# Advice and help on new routine..



## 25434 (Dec 27, 2011)

Hello all,

I just introduced myself on the other forum and am now here to ask for help. After a year of struggling along on my own taking routines from mags and internet I contacted a personal trainer(bodybuilder) to help me to move on with kicking myself into great shape and building muscle etc. I was given a 5 day split workout but was originally told I would get a 4 day split. I can do a four, but not a five cos of my job and commitments...could anyone take a look and see if I could move one of the days training onto one of the others to bring down by 1 day?
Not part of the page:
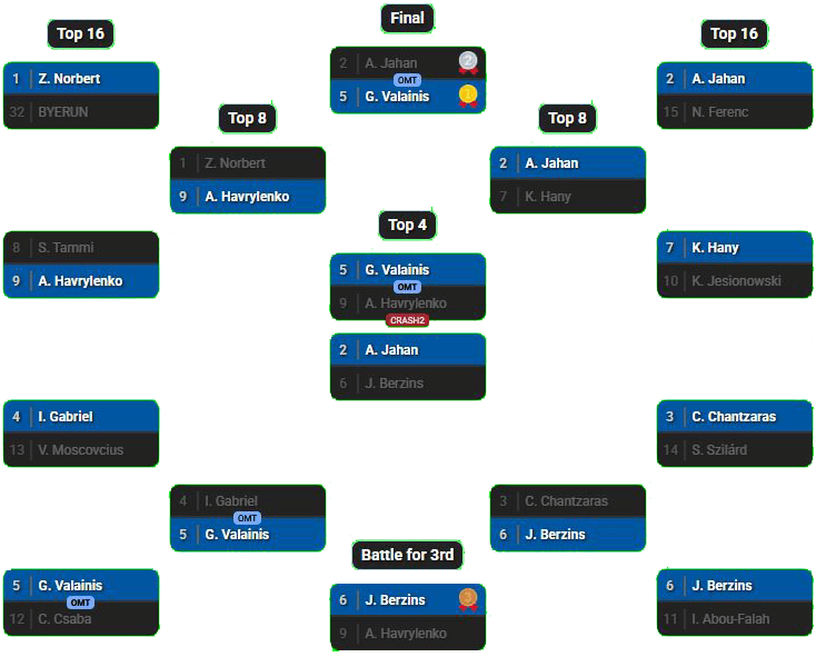 Sekmadienį Top 16 gavau OMT ir laimėjau prieš Cselőtei Csaba. Top 8 vėl OMT, prieš rumuną Imre Gabriel.
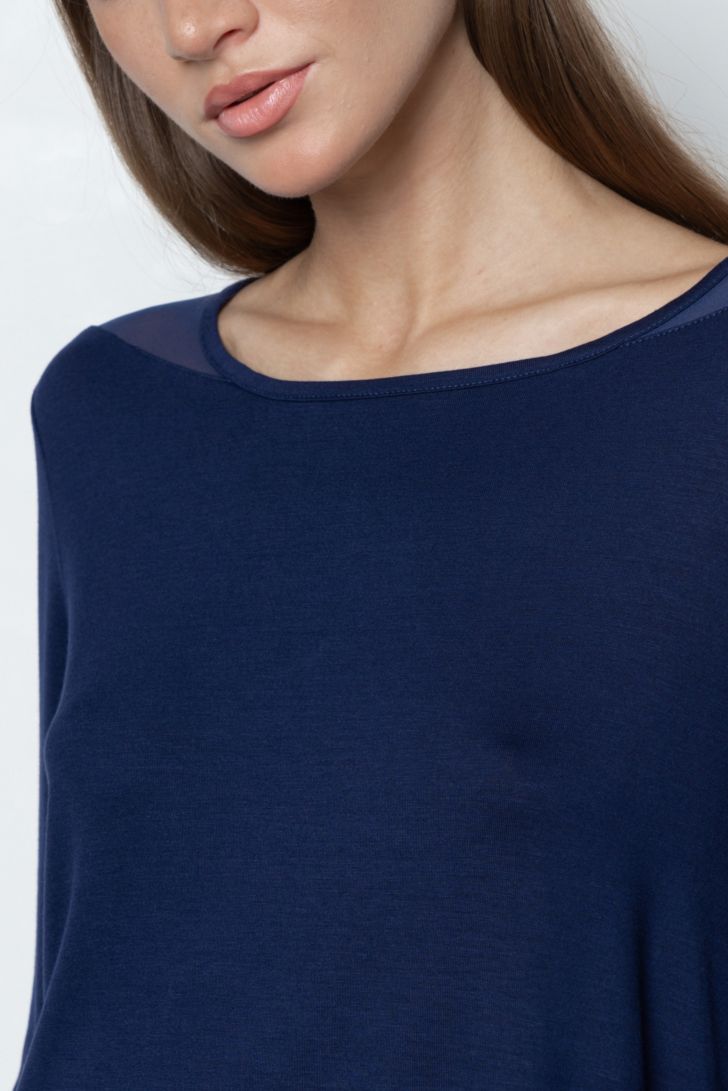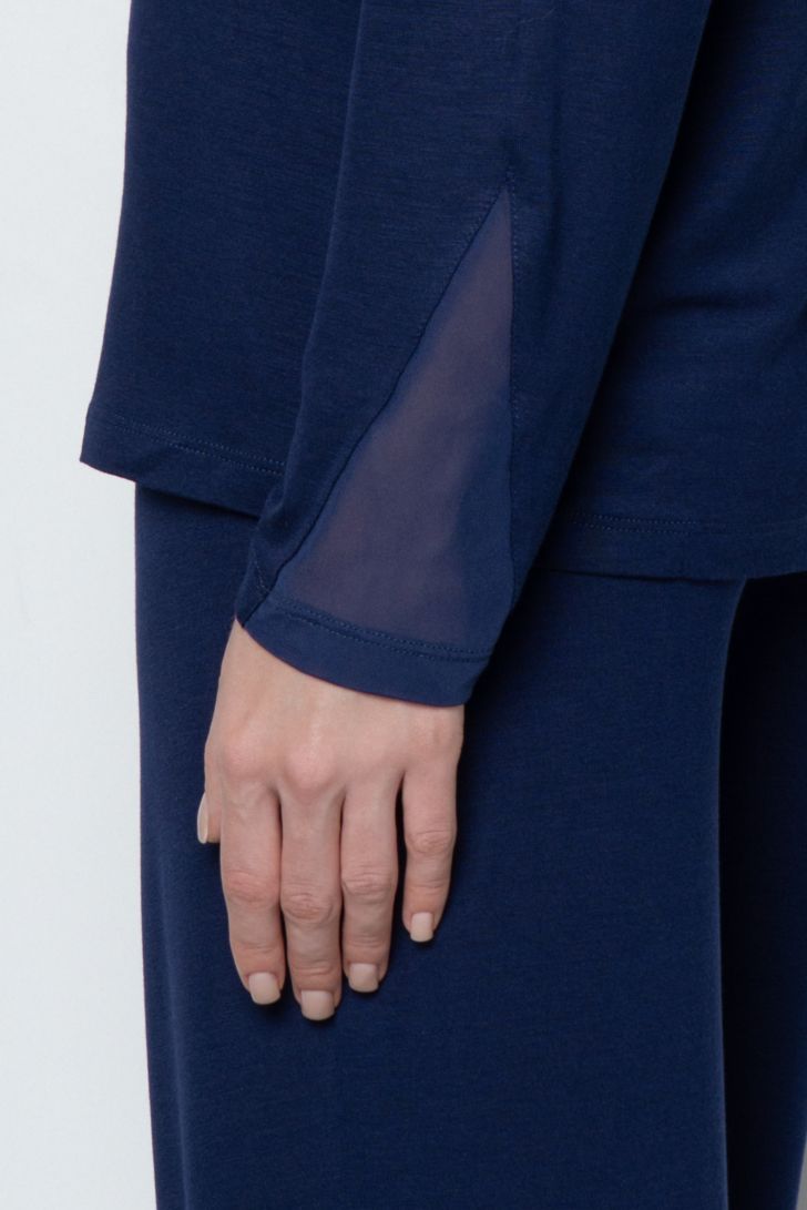 Струящаяся пижама состоит из лонгслива и свободных брюк. Лонгслив прямого силуэта с круглым вырезом горловины. Линия плеча слегка приспущена для большего комфорта и дополнена вставками из полупрозрачной сетки. Прозрачные вставки в форме вытянутого треугольника так же расположены на рукавах, создавая лёгкий и изящный акцент. Брюки прямого силуэта на комфортном поясе с мягкой резинкой.

I don't have the knowledge yet to know which would be best to combine...I would really appreciate any help as I want to start this Monday if poss.

This is it....

Monday Chest Biceps abs

Tues Hams and calves

Wed rest...I like this cos I do a martial arts class on Wednesday nights

Thur Back Triceps and abs

Friday Delts calves

Saturday Glutes Quads abs

Sunday rest

I was thinking the Delts and calves one could be moved? but as I say, I'm not confident in this field but am wanting and willing to learn heaps to get want...(that would be a kick ass bod, "ahem" I can dream can't I..lololol)

Thanks if anyone can help me out....Y


----------



## Wendy1466867972 (Aug 14, 2009)

hiya.. i do a 4 day, looks bit like this..

1 mon chest and biceps,abs

2 tues back and stretch hams,glutes and calves

3rest(wed)

4thurs shoulders and triceps abs

5fri Legs

days 6and 7 rest.. or day 6 rest and start again..

Hope this helps..


----------



## 25434 (Dec 27, 2011)

Wendy said:


> hiya.. i do a 4 day, looks bit like this..
> 
> 1 mon chest and biceps,abs
> 
> ...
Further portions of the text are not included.